Training-Free Inference: FreeOcc is the first pipeline to perform panoptic occupancy prediction without any target-domain training. It runs entirely on foundation model inference.
Open-Vocabulary Flexibility: By leveraging promptable models, the system can adapt to new semantic classes simply by changing text prompts, without retraining a 3D network.
Pseudo-Label Generation: The pipeline serves as a high-quality pseudo-label generator. When used to train downstream models (e.g., STCOcc), it achieves state-of-the-art weakly supervised performance.
New Baselines: Establishes the first baselines for both train-free and weakly supervised panoptic occupancy prediction on the Occ3D-nuScenes dataset.

4. Experimental Results

Evaluated on the Occ3D-nuScenes validation set:

Semantic Occupancy

Train-Free: Achieves 16.9 mIoU and 16.5 RayIoU.
- Outperforms the previous train-free baseline (ShelfOcc: 9.6 mIoU) by a significant margin (+7.3 points).
- Competitive with trained weakly supervised methods (e.g., GaussianFlowOcc: 17.1 mIoU).
Weakly Supervised (Pseudo-Label Training): When used to train STCOcc, it achieves 22.8 mIoU and 21.1 RayIoU, surpassing the previous state-of-the-art weakly supervised baseline (ShelfOcc+STCOcc: 20.0 RayIoU).
- Note: FreeOcc achieves this without using camera visibility masks during training, suggesting better generalization to hidden parts of the scene.

Panoptic Occupancy

Train-Free: 3.1 RayPQ.
Weakly Supervised: 3.9 RayPQ.
While lower than fully supervised methods (e.g., SparseOcc: 14.1 RayPQ), these results prove the feasibility of instance-aware prediction without 3D ground truth. The performance gap highlights that geometric alignment remains the primary bottleneck.

Ablation Studies

Prompt Design: Using synonyms in prompts (vs. raw class names) provided a +2.7 mIoU gain.
Refinement: The voxel refinement stack contributed +2.1 mIoU.
Instance Identification: The instance module provided the largest jump in Panoptic quality (RayPQ from 1.5 to 2.5 in the ablation).
Pose Dependency: Removing camera extrinsics (poses) caused a massive performance drop (mIoU dropped by 53%), indicating that accurate poses are currently essential for reliable 3D fusion.

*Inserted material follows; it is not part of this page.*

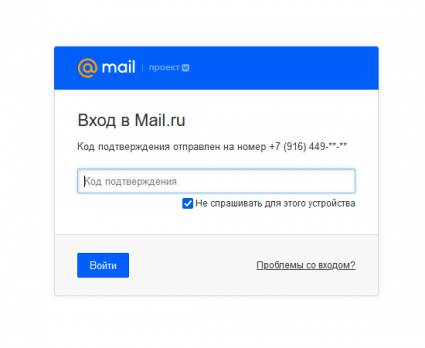 В случае возникновения проблем при использовании двухфакторной аутентификации необходимо обратиться в службу поддержки Почты@Mail.Ru.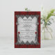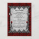 A very decorative, and very gothic wedding enclosure card indeed, 'Blood Roses and Silk Red Gothic Wedding Details' enclosure card can be easily personalzied with your own important information for your wedding guests. The design features a very decadent, lush gothic design with a distressed parchment-look paper over a ruched, rich, red silk background. Along the top and bottom of the parchment are gray and black gothic jewels decorating the edges, with pairs of creepy little silver skulls with red beady eyes on chains hanging off the corners. There also are red roses along the side with black lace ribbon to finish off the spooky, gothic feel of this enclosure card. The reverse of the card features the gray parchment-look again which covers the entire area, with a larger version of the blood red rose and lace in the middle. Please note, this rose image may be removed in the personalize (edit) options if needed, for instance if you need to add more details on the back of the card.

5. Significance and Conclusion

FreeOcc demonstrates that foundation models can bridge the gap between 2D perception and 3D scene understanding without the heavy cost of 3D annotation and training.

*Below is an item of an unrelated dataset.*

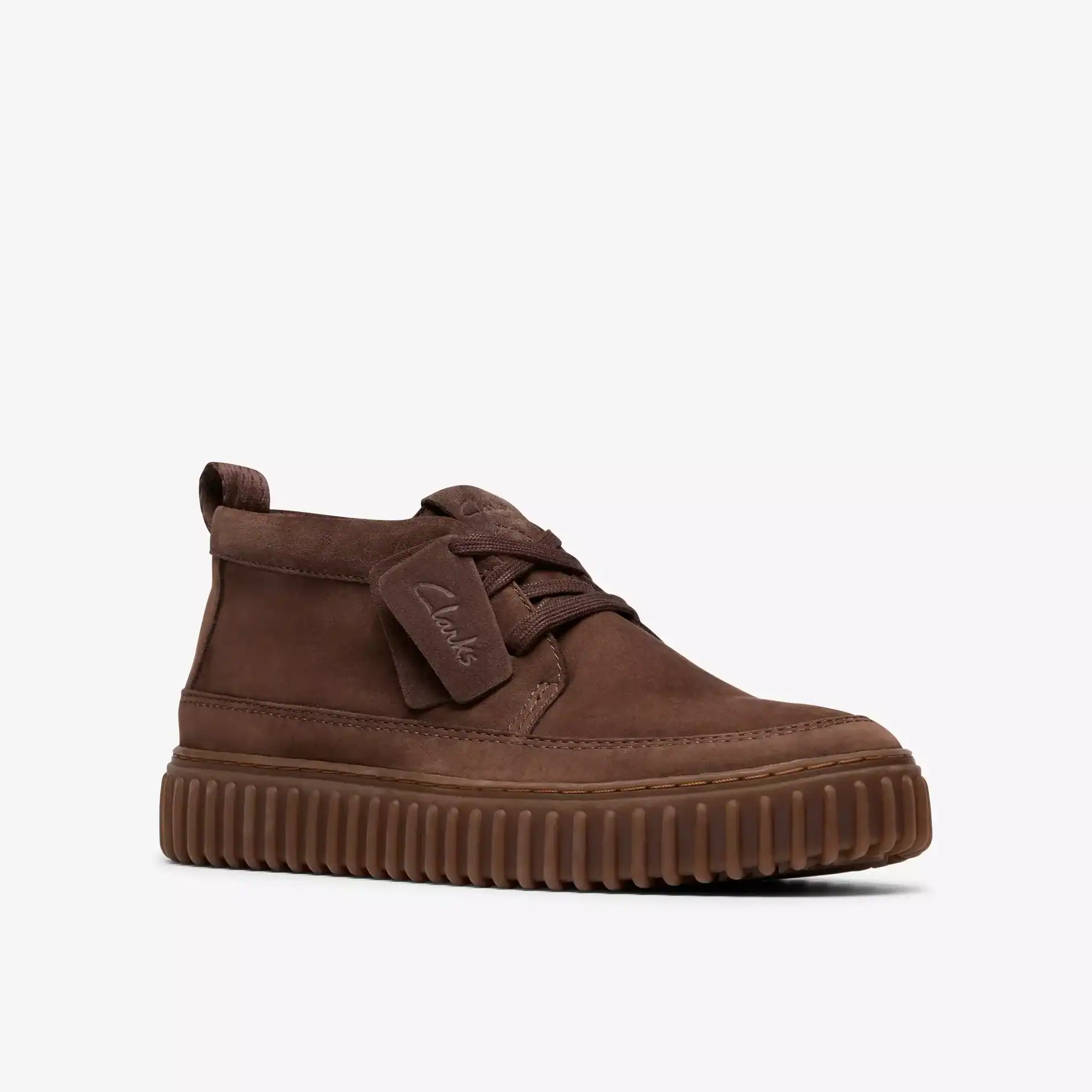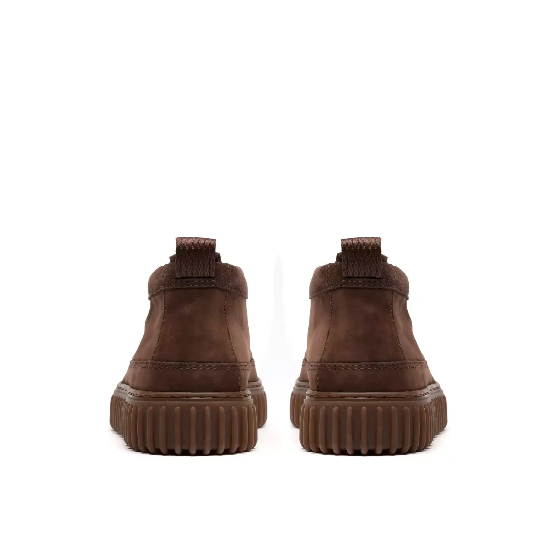 Tomaia in nabuk marrone scuro premium. Lacci regolabili per una calzata sicura. Plantare Contour Cushion in pelle modellato e rimovibile che supporta ogni passo. Suola TR (gomma termoplastica) resistente e scanalata con riempitivo in EVA che offre trazione leggera.

Practicality: It enables rapid deployment in new environments (e.g., different cities or sensor setups) where no labeled 3D data exists.
Future Direction: The paper identifies geometry quality and pose accuracy as the main bottlenecks. Future work should focus on making these pipelines robust to inaccurate poses and improving the geometric fidelity of foundation models to close the gap with fully supervised methods.

In summary, FreeOcc sets a new standard for label-free 3D perception, proving that training-free pipelines can match or exceed the performance of traditional weakly supervised methods while offering superior flexibility and adaptability.